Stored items
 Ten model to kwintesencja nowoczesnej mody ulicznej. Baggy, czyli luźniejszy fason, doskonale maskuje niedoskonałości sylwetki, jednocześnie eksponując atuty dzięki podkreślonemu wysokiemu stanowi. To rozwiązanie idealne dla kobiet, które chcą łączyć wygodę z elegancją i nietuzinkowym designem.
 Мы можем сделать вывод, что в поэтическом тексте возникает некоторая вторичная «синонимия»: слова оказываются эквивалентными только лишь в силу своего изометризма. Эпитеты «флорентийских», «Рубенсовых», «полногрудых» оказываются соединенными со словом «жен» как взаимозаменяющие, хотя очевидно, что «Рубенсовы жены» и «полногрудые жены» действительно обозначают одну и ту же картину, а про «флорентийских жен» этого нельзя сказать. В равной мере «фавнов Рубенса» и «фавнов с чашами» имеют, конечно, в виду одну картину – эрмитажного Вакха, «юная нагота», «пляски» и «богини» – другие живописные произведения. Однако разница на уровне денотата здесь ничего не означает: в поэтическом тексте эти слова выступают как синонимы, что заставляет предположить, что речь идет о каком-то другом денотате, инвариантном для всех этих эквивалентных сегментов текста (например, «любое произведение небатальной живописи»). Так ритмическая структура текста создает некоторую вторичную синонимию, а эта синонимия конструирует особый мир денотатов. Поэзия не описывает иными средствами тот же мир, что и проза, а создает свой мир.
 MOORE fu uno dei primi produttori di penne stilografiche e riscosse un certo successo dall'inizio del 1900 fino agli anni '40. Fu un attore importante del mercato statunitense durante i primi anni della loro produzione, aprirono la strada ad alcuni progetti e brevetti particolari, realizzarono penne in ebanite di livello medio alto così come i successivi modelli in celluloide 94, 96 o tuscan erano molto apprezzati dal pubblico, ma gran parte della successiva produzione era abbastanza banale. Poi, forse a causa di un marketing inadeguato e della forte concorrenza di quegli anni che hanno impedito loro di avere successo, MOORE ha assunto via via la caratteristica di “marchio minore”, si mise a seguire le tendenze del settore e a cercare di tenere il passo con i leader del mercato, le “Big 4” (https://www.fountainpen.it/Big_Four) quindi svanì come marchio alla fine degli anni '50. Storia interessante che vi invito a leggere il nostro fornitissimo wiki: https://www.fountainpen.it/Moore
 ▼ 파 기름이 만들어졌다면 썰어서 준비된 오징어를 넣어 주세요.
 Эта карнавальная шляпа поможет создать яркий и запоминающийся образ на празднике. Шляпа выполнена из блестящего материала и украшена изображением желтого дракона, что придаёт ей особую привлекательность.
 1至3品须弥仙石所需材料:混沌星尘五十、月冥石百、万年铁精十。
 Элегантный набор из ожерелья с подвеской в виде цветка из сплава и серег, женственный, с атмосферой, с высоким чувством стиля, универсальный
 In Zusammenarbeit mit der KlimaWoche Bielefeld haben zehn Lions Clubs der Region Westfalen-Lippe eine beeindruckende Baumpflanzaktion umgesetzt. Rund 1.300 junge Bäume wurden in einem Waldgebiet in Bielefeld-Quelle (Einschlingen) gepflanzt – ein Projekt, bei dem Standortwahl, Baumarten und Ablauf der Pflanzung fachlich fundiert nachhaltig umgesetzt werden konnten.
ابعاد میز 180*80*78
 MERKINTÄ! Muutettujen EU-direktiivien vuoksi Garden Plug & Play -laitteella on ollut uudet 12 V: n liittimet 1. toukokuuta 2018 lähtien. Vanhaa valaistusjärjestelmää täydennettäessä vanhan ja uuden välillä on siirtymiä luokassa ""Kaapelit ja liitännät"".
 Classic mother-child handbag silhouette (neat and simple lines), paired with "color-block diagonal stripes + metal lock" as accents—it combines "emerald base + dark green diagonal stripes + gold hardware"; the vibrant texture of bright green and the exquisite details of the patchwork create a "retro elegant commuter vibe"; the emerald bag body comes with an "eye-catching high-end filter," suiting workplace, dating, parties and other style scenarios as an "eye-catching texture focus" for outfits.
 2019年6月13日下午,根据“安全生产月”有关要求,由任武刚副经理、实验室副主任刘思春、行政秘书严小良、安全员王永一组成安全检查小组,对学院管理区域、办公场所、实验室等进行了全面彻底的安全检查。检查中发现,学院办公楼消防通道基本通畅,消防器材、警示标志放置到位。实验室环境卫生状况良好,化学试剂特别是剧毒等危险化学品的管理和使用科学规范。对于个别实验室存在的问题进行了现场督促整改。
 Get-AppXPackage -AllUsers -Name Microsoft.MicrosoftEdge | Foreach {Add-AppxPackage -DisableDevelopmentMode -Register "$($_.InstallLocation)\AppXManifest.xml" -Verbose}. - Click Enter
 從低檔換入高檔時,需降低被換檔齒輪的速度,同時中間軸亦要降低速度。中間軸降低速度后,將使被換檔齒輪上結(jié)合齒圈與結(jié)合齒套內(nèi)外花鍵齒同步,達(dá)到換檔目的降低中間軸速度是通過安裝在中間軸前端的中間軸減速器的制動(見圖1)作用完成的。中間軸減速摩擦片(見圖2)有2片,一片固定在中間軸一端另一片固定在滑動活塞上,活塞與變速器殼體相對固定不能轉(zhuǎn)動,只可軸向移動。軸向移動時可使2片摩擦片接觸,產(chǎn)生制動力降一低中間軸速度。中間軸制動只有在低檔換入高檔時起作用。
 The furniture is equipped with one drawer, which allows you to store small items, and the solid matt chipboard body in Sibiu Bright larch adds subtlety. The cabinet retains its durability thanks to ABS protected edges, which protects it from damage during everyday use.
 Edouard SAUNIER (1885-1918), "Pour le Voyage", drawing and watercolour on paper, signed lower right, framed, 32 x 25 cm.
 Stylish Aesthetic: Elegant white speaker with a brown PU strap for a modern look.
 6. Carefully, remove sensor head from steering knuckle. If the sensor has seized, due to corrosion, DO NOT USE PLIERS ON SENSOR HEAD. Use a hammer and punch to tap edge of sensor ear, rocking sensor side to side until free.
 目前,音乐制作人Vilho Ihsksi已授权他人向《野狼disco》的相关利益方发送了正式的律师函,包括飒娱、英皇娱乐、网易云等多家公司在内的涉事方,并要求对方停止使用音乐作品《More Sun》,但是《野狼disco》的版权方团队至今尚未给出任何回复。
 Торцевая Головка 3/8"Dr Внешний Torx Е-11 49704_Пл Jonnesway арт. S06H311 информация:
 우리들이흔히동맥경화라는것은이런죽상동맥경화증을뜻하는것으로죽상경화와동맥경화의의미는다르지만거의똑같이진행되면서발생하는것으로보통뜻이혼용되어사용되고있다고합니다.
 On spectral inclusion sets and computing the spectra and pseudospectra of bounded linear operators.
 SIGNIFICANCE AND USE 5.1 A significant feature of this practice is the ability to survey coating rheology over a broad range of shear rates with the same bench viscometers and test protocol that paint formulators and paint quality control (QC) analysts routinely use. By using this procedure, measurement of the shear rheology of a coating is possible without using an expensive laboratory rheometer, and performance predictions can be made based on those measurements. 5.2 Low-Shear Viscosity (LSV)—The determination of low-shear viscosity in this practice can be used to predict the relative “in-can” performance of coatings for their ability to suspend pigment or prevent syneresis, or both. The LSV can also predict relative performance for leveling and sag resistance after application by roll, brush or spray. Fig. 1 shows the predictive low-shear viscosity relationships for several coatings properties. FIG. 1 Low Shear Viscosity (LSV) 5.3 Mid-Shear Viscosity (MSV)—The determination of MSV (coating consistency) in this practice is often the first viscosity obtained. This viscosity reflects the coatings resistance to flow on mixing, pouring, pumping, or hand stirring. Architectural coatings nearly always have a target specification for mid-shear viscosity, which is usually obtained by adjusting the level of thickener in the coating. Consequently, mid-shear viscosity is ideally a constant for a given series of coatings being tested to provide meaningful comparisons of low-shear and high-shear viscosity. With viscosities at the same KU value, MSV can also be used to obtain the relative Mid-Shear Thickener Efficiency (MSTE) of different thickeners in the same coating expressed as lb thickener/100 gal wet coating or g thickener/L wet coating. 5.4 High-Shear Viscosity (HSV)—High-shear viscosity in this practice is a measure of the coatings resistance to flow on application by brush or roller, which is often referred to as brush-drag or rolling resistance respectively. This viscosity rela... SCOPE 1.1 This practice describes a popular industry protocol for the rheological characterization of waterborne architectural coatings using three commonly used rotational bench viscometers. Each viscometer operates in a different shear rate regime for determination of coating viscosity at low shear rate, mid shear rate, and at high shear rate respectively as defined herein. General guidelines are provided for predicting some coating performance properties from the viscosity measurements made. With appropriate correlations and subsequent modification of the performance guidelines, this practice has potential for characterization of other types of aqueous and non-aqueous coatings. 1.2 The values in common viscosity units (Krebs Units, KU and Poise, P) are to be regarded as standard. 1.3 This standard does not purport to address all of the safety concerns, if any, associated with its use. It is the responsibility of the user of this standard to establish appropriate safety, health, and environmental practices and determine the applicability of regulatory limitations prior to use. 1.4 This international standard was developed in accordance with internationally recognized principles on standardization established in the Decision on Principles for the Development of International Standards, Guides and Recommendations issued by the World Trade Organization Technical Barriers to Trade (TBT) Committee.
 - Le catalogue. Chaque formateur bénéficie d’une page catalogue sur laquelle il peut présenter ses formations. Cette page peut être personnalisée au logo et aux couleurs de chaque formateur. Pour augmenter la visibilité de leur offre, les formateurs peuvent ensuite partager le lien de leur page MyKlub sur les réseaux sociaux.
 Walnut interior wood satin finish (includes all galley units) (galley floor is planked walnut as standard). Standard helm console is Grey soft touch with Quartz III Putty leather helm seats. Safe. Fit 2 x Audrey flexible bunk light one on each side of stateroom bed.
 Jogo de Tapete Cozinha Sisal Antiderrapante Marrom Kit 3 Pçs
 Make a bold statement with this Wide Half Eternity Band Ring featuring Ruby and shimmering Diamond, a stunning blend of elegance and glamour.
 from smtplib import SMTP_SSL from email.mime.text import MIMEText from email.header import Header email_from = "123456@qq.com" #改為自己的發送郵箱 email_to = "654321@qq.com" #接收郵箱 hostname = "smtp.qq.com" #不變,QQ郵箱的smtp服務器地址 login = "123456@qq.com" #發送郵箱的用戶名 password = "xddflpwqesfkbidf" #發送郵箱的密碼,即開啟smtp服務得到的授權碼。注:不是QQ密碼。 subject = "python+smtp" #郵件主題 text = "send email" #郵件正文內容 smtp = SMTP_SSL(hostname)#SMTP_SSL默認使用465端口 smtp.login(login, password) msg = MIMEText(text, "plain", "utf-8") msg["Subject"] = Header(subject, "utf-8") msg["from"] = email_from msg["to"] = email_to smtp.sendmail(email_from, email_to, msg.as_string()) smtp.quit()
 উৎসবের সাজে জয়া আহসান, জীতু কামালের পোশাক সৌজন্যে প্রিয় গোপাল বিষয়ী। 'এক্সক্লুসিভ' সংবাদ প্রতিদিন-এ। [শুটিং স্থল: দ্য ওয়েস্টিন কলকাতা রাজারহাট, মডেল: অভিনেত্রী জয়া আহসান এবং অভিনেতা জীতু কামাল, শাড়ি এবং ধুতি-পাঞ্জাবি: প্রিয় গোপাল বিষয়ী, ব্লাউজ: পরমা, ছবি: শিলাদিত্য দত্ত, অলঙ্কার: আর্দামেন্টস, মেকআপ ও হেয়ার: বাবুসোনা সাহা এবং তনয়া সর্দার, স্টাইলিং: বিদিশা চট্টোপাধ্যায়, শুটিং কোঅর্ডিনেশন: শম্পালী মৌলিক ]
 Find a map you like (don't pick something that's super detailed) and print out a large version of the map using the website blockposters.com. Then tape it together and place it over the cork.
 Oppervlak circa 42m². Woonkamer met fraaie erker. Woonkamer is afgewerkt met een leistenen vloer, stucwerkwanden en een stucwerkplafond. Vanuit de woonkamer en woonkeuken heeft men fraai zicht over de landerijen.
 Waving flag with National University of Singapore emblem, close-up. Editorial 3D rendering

TASK BRIEF:
Every line above from the line with "MOORE fu uno" to the line with "ابعاد میز 180*80*78" is wanted, ends included; write them out exactly and add no other line.

EXERCISE RESULT:
 MOORE fu uno dei primi produttori di penne stilografiche e riscosse un certo successo dall'inizio del 1900 fino agli anni '40. Fu un attore importante del mercato statunitense durante i primi anni della loro produzione, aprirono la strada ad alcuni progetti e brevetti particolari, realizzarono penne in ebanite di livello medio alto così come i successivi modelli in celluloide 94, 96 o tuscan erano molto apprezzati dal pubblico, ma gran parte della successiva produzione era abbastanza banale. Poi, forse a causa di un marketing inadeguato e della forte concorrenza di quegli anni che hanno impedito loro di avere successo, MOORE ha assunto via via la caratteristica di “marchio minore”, si mise a seguire le tendenze del settore e a cercare di tenere il passo con i leader del mercato, le “Big 4” (https://www.fountainpen.it/Big_Four) quindi svanì come marchio alla fine degli anni '50. Storia interessante che vi invito a leggere il nostro fornitissimo wiki: https://www.fountainpen.it/Moore
 ▼ 파 기름이 만들어졌다면 썰어서 준비된 오징어를 넣어 주세요.
 Эта карнавальная шляпа поможет создать яркий и запоминающийся образ на празднике. Шляпа выполнена из блестящего материала и украшена изображением желтого дракона, что придаёт ей особую привлекательность.
 1至3品须弥仙石所需材料:混沌星尘五十、月冥石百、万年铁精十。
 Элегантный набор из ожерелья с подвеской в виде цветка из сплава и серег, женственный, с атмосферой, с высоким чувством стиля, универсальный
 In Zusammenarbeit mit der KlimaWoche Bielefeld haben zehn Lions Clubs der Region Westfalen-Lippe eine beeindruckende Baumpflanzaktion umgesetzt. Rund 1.300 junge Bäume wurden in einem Waldgebiet in Bielefeld-Quelle (Einschlingen) gepflanzt – ein Projekt, bei dem Standortwahl, Baumarten und Ablauf der Pflanzung fachlich fundiert nachhaltig umgesetzt werden konnten.
ابعاد میز 180*80*78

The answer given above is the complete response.